Мой вопрос остается без ответа. Тогда я осторожно спрашиваю:

– Случилось что-нибудь …за кулисами… со вчерашнего вечера? Что-нибудь с твоим мужем?

– Нет. Не с мужем. Случилось давно. Но я предпочитаю не касаться запретных воспоминаний…

– Ах, вот как! Значит, существуют запретные воспоминания? И какие же они, могу я знать?

– Те, которые отравляют нам жизнь. Реальную жизнь, которой мы живем сегодня. Прежде чем и она превратится в воспоминание. Потому что в прошлом, кроме засушенных фиалок, есть и колючки.

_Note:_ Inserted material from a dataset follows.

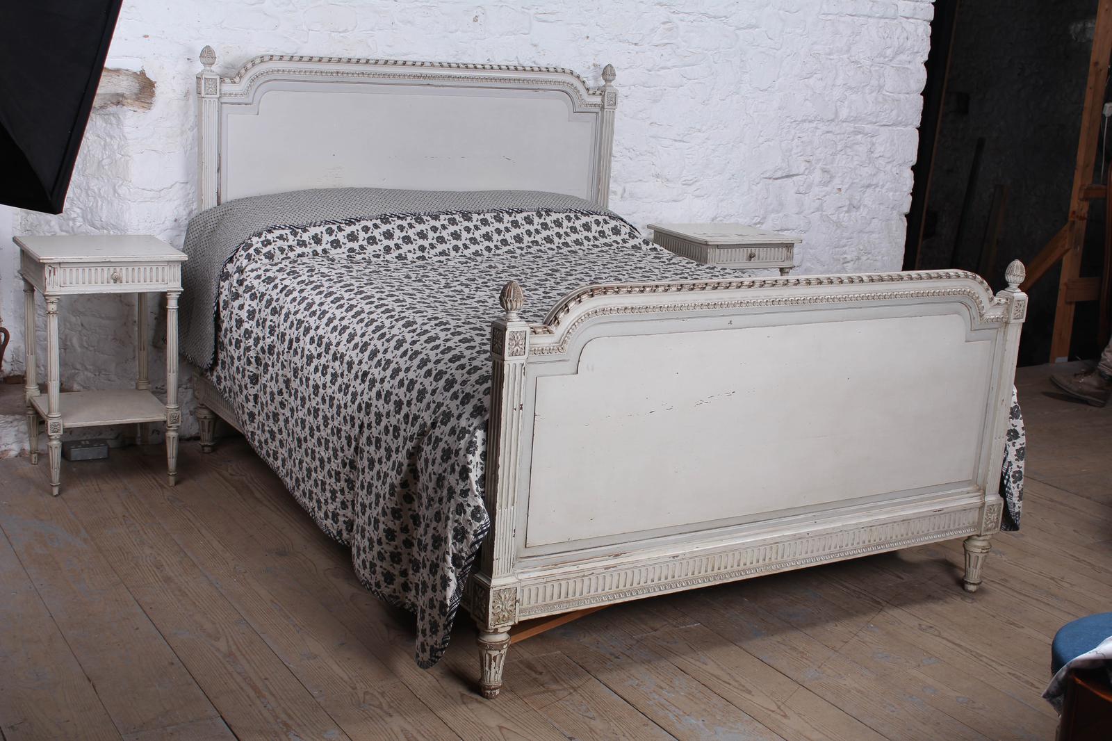 Rare Small Super King Empire French Painted Bed & Bedsides

Ненависть и несведенные счеты. И вопросы без ответов. Сейчас, когда тоталитарная власть рухнула, стало модным строить из себя мучеников и ненавидеть. Особенно перед иностранцами. Люди самозабвенно копаются в воспоминаниях, чтобы постоянно поддерживать огонь своей ненависти. Некоторые ненавидят просто так, даже не сумев ничего раскопать. Оставим прошлое в покое – чему суждено было случиться, случилось. Что было – то было. Там осталась и самая хорошая часть сказки, когда во мне уже зрела женщина, а ты все еще был полным дурачком, заглядывавшимся на мою мать. Так давай на этом и остановимся.

Задумчиво отвожу локон с ее лица. Седеющая прядь предательски вплелась в волосы оттенка старой меди.

– Милая моя Изольда… И все же, может, ты мне расскажешь, что случилось? Или это запоздалая ревность к родной матери?

Она вынимает из сумки пачку дешевых сигарет, машинально предлагает мне, но я отказываюсь. Закурив, разгоняет дым рукой и, глядя в сторону синих Родоп, безучастно говорит:

– Ничего ты не понял, милый мой друг Тристан, никого я не ревную. Ни ее, ни тебя. Тем более что ее уже давно нет, а ты вот здесь. Хотя бы ненадолго. Ведь это я тебя нашла, не ты меня… И я рада, что мы увиделись, честно! Но в каждом сюжете есть своя интрига. Наша – не в теперешней встрече, а в тогдашней разлуке…

Я вдруг понял, что она боится какого-то своего воспоминания, которое может пробудить тех смутных, неясных, дремлющих в каждом из нас демонов, заполняющих наши сны и разжигающих страсти. Перелистывая в душе ненаписанный дневник тех дней, я не находил ничего такого, что бы нас разъединяло. Уже позднее мне нехотя пришлось признаться, что хоть мы и учились в одной школе, жили в одном и том же городе, под одним и тем же небом, но существовали в совершенно разных мирах. И я слишком мало знал ее мир.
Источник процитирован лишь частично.